The game starts off a certain amount of time after the first, as many sequels tend to do. Unlike many sequels however, you are dead and in the place where souls go to be reincarnated. This is where you are picked up by the gods to go on an epic god-hunting quest. The character creation, which is set up as you remembering who you were before dying, is one of the better ones I've had the pleasure of going through. It's too good, in fact. Anyone who knows me will know that a good character creating is my bane: I created so many characters and restarted so many times before finishing the first area. You get to choose a race, sub-race, class (can be single or any combination of 2), ethnicity, and background. This makes for many possible combinations, and potential for great roleplay or minmaxing.

Once your character is created, and the game starts for real, you embark on a very interesting quest, spanning a Polynesia-like map, with tons of islands scattered about, throughout which you need to chase a titanic god. To help you hop around these islands, you are the captain of a ship. Taking care of your crew's needs, while questing is very interesting and makes the game stand out. You can buy bigger and better ships, fortify the armor, get better sails and cannons while also hiring new crew for it. The crew needs to be fed, the ship needs to be repaired, and ammo needs to be stocked all on your own dime.

There is a large world to explore both on foot and by boat. As you travel, the game eschews the annoying random encounters, for a new, much more interesting model: there are points to visit during your travel, and the encounters within them can strongly depend on your choices. You can run into a bunch of tiny lizard men tending to a wyvern, for example. From here, you can charge and kill them all, sneak up close and ambush them, go around them and skip it, or charm the wyvern with druidic magic to have it kill all the lizard men. Many options are opened only with certain skills in your party, which rewards having a greater diversity, and gives an advantage to having multi-class characters.


The game plays very smoothly. It's obviously a more mature version of the old school RPGs. Many features are in that greatly increase the ease of playing, without making the game itself too easy. The out-of-combat fast-forward makes backtracking much less painful, while the "per encounter" health and abilities make it so much smoother, without having to camp out for 8 hours 3-4 times per dungeon. Despite this, unless you're playing on easy mode, you'll still need strategy to win most fights.

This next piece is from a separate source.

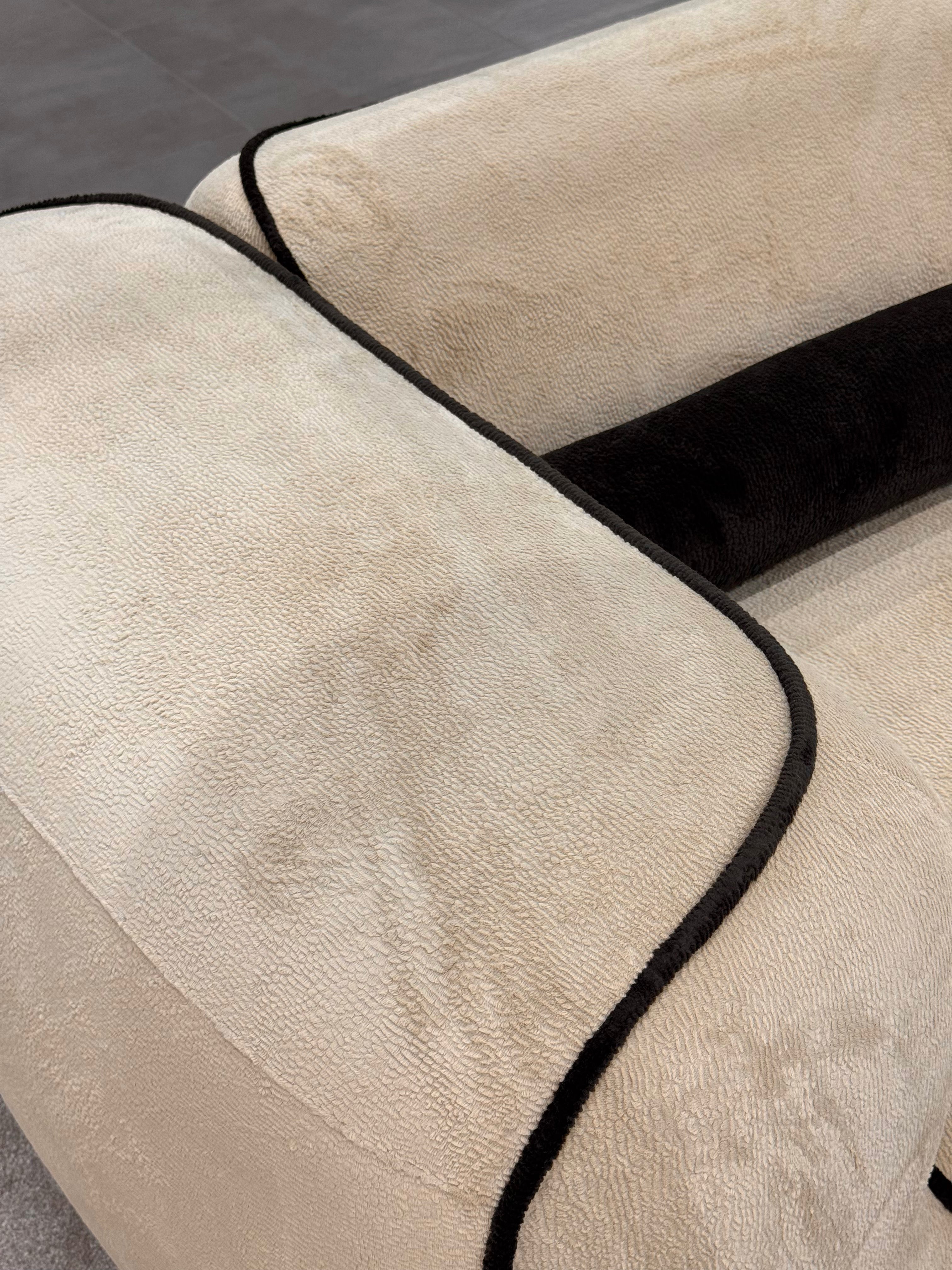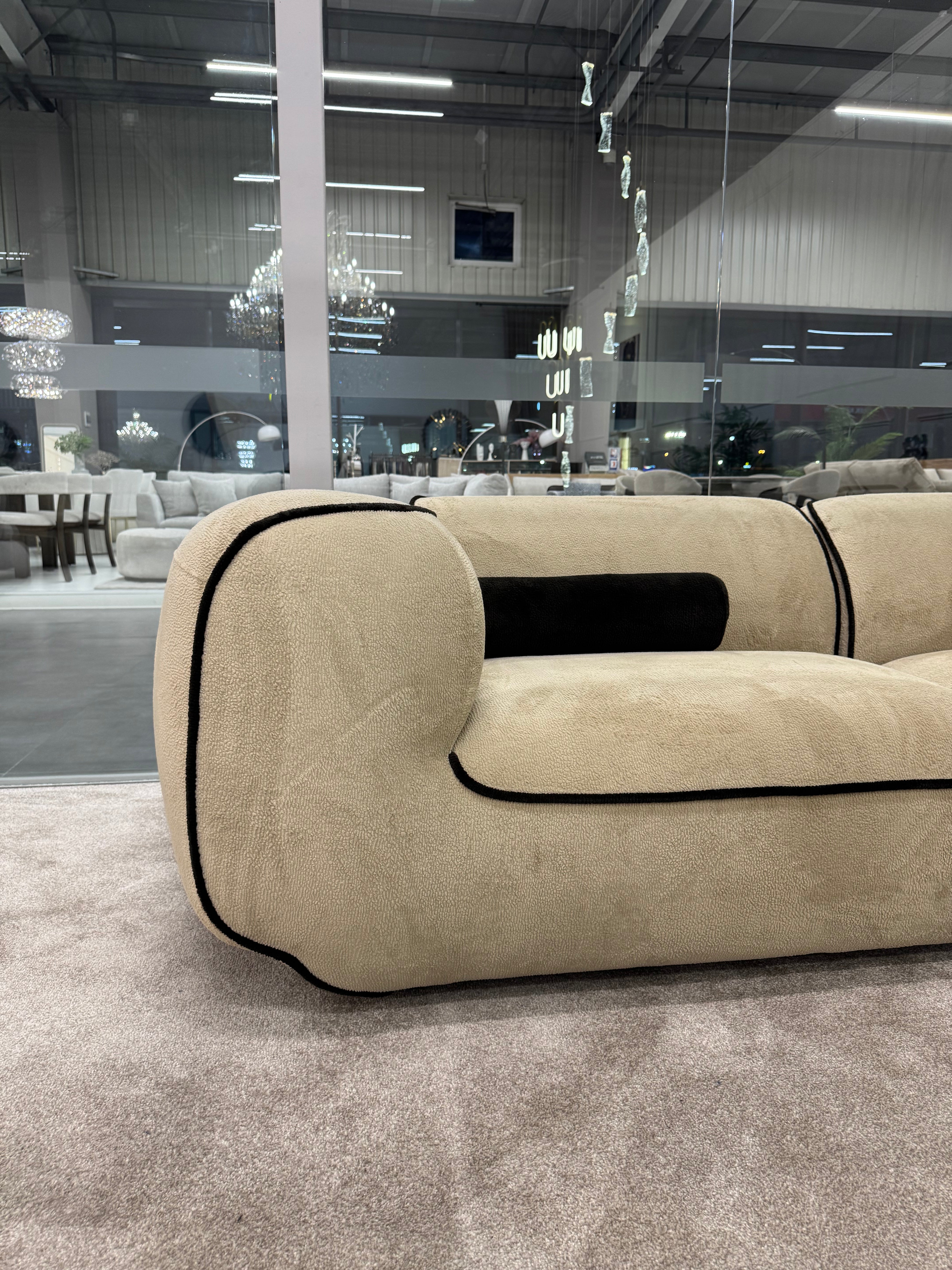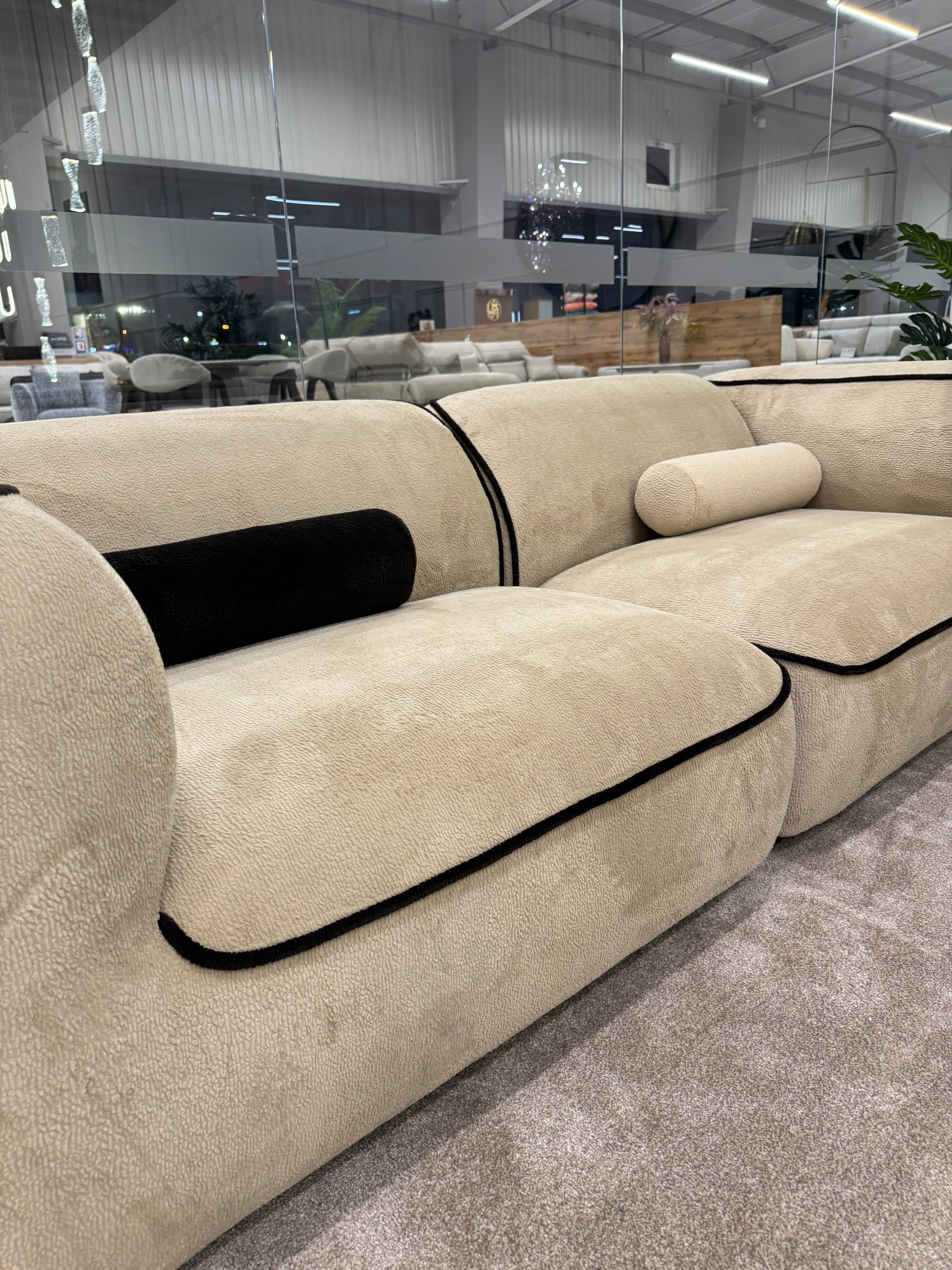 Його округлий силует, акуратні контури та контрастна окантовка роблять диван візуально легким, але водночас солідним. Глибока посадка та щільні подушки забезпечують комфорт як для щоденного відпочинку, так і для довгих вечорів у колі близьких.

The combat is very interesting getting rid of the turn-based system. Instead, every character has a refresh timer that is dependent on their dexterity stat as well as factors like stances, equipment, and abilities used. This is not a game in which you can just bash your enemies until they die. You need to place your party properly to prevent your "squishies" from getting squished, as well as use the proper abilities depending on the situation. With its huge selection of spells and abilities, there are many play styles possible, and tons of strategies in order to win battles, or just plain avoid them entirely. Whatever your choice is though, it requires you to think it through.


Conclusion

This game is a must-play for any fan of old-school isometric RPGs. If you aren't already a fan of Baldur's Gate, Icewind Dale, Planescape: Torment, and the other in between releases, go play them  now (it's ok, I'll wait.)

Done?

See? They're good right? Well, Pillars of Eternity 2 fits very well in the pantheon of the greats alongside those games. Is it better than Baldur's Gate 2 - certainly not, but it's not eclipsed by it either and that's saying a lot. If you're new to the genre, this is a pretty good place to start (although you may be missing parts of the story if you haven't played the first). If you're a veteran, you'll feel quite at home playing this game, and will most likely be impressed by the storytelling, the graphics and the gameplay.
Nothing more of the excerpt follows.